What is surprising is that the US has reacted with typical state logic against an enemy who is not a state.

In fact, the most powerful and armed nation in history has gone to war against a private citizen. To get a man out of a cave in Afghanistan, the largest airplane carriers in the world have been deployed! I find that extremely grotesque. But there is another reason why this war is hypocritical: as all the "politically incorrect" people know, the foreign policy of the United States over the last decades has been pro-Islam and, often, pro-terrorism.

Can you elaborate on this point?

The US is somehow a "prisoner" of the Middle East. In order to obtain forgiveness for its unconditional support of Israel, and in order not to be pressured (although it is) by a billion Muslims who are exasperated by this situation, the US supported the Muslims, and helped and financed them everywhere outside the Middle East. Let us not forget, however, that for Islamic people Israel is, for all intents and purposes, the fifty-first star of the US flag. It is not a coincidence that the nation of the stars and stripes is intimately tied with Saudi Arabia. I ask myself how it is possible that the admirers of the United States do not realize this paradox. The US government, which is always ready to go to war in defence of human rights, has always had its most solid base of support in Saudi Arabia. This is a country where the tribal clan of the Sauds considers itself the guardian of the holy Muslim places, and it is the most outstanding example of Islamic integralism and fanaticism. In that nation, the most basic human rights are not respected, to the point that Bibles are confiscated at the airport and if, by any chance, a Christian priest is found serving Mass by himself (even if locked in his own hotel room) he can be put to death. But "humanitarians" say nothing about this.

Why do you think there is such inconsistency between the human-rights rhetoric and the support for a country that has such little respect for human dignity?

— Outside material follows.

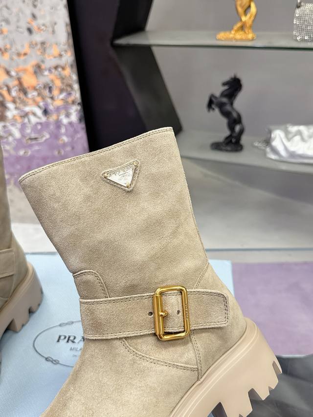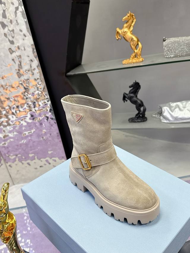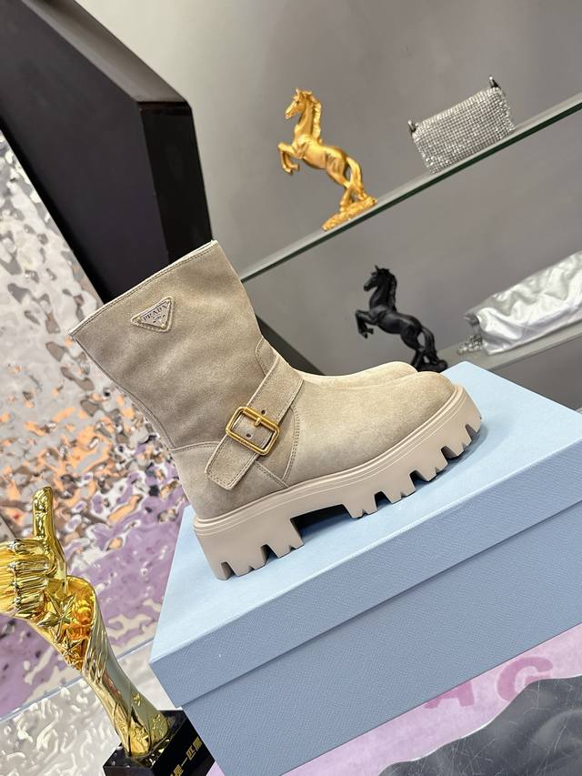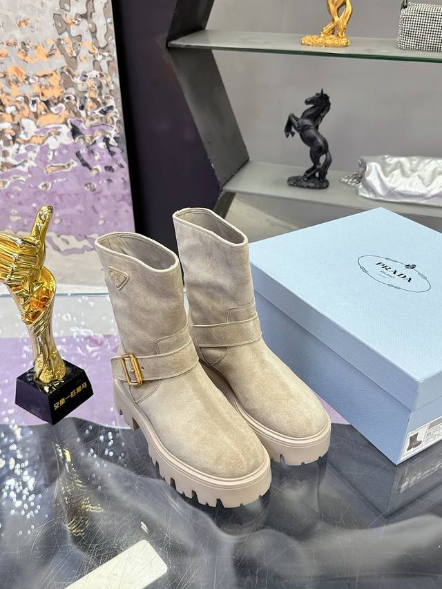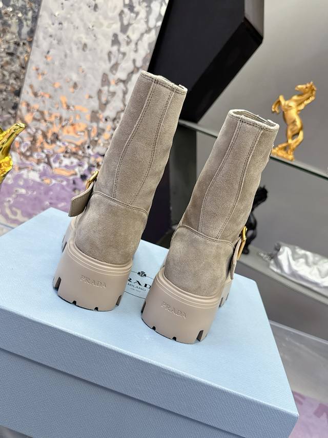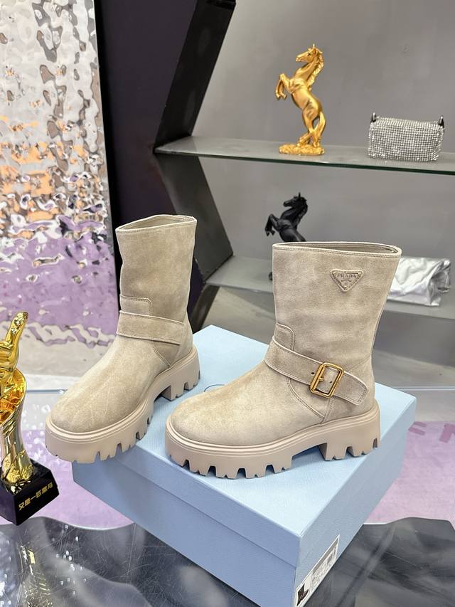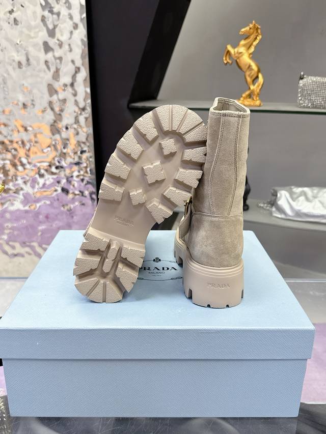 Factory Price: Prada Classic Triangle Logo Slip-on Women's Ankle Boots - A must-have for winter, this is definitely a hot item this year!! Super stylish! Prada boots are truly amazing! They look sophisticated and make your legs appear slimmer, perfectly capturing a chic and elegant look. The entire series uses various imported materials: imported high-gloss cowhide, cowhide, silk cowhide lining, rubber foam sole for lightweight comfort! Sizes: 35-40, 41. Custom orders are non-refundable and non-exchangeable.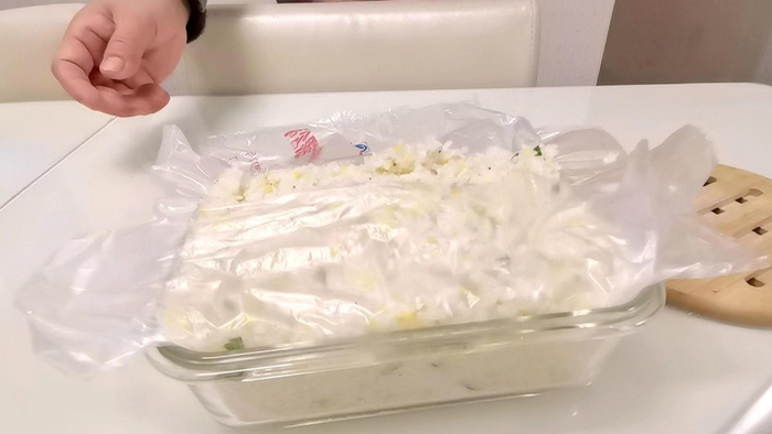3、长方形容器里铺上保鲜膜,将米压实摊平。(可以用烤盘,没有的话就直接铺在保鲜膜上整形)

First of all, because that is where the oil is. Second, because the US feels the need to be forgiven. It is sufficient to look at the shameful Kuwait war — a conflict where a world coalition was put together to save a few rich emirs (who had bank accounts in London and New York) and to please Saudi Arabia. And also because Israel considered Iraq a dangerous and uncomfortable neighbor. But we have seen a similar state of affairs in another shameful war, in Kosovo, where the Christian America sided with the Albanian Muslims against the Christian Serbs. There is, after all, such an enmeshment of problems and contradictions as to really make this a war of hypocrisies.

What do you say of pacifism, so dear to hardcore liberals?

I believe that the essential and often forgotten virtue of Christians is realism. As a man of faith, I know that Jesus has promised only one Heaven, but not on this earth. Therefore, I do not trust in prospects for peace or a brotherly world, because I do believe, to the contrary, in the consequences of original sin. Jesus Himself clearly states that he came not to bring peace, but war and divisiveness. Pacifism is a post-Christian ideology which has nothing to do with Christianity. The realist Christian knows that he will always have to deal with war, since he lives in an ever-changing world that is full of evil and sin. The Christian's duty is to attempt to limit the damage.

In this scenario, where do you see the globalization process?

Since I do not believe in utopia, or in a universal "let's all just love each other," I believe it is necessary to respect history's rhythms and scope. Today, history moves towards economic globalization. We must avoid confusing globalization with pacifist ecumenicism. Economic unification does not mean the elimination of conflicts, nor does it mean that different populations will be ready to shake hands and ask each other forgiveness for their errors. As a well-known Italian aphorist, Ennio Flaiano, said, "If peoples knew each other better, they would hate each other more."

Carl Schmitt said the state is born from the secularization of theological concepts, and therefore it is a competing entity, an enemy of religions. What do you think about that?

I agree. See, I understand many of the reasons of the modern anarchists, and I recognize myself in many of the positions of the FORCES organization and the libertarian magazine Enclave. But, I repeat, I believe in original sin, thus I do not underestimate Hobbes' warning: homo homini lupus (that is, man is the wolf of men). I respect law enforcement officers, because I know I need them; however, do not ask me to love them! I think that the monster state is the Beast of the Apocalypse. In a perspective of faith, the state emerging from the end of the ancien régime horrifies me. In this key, my nightmare is One World Government.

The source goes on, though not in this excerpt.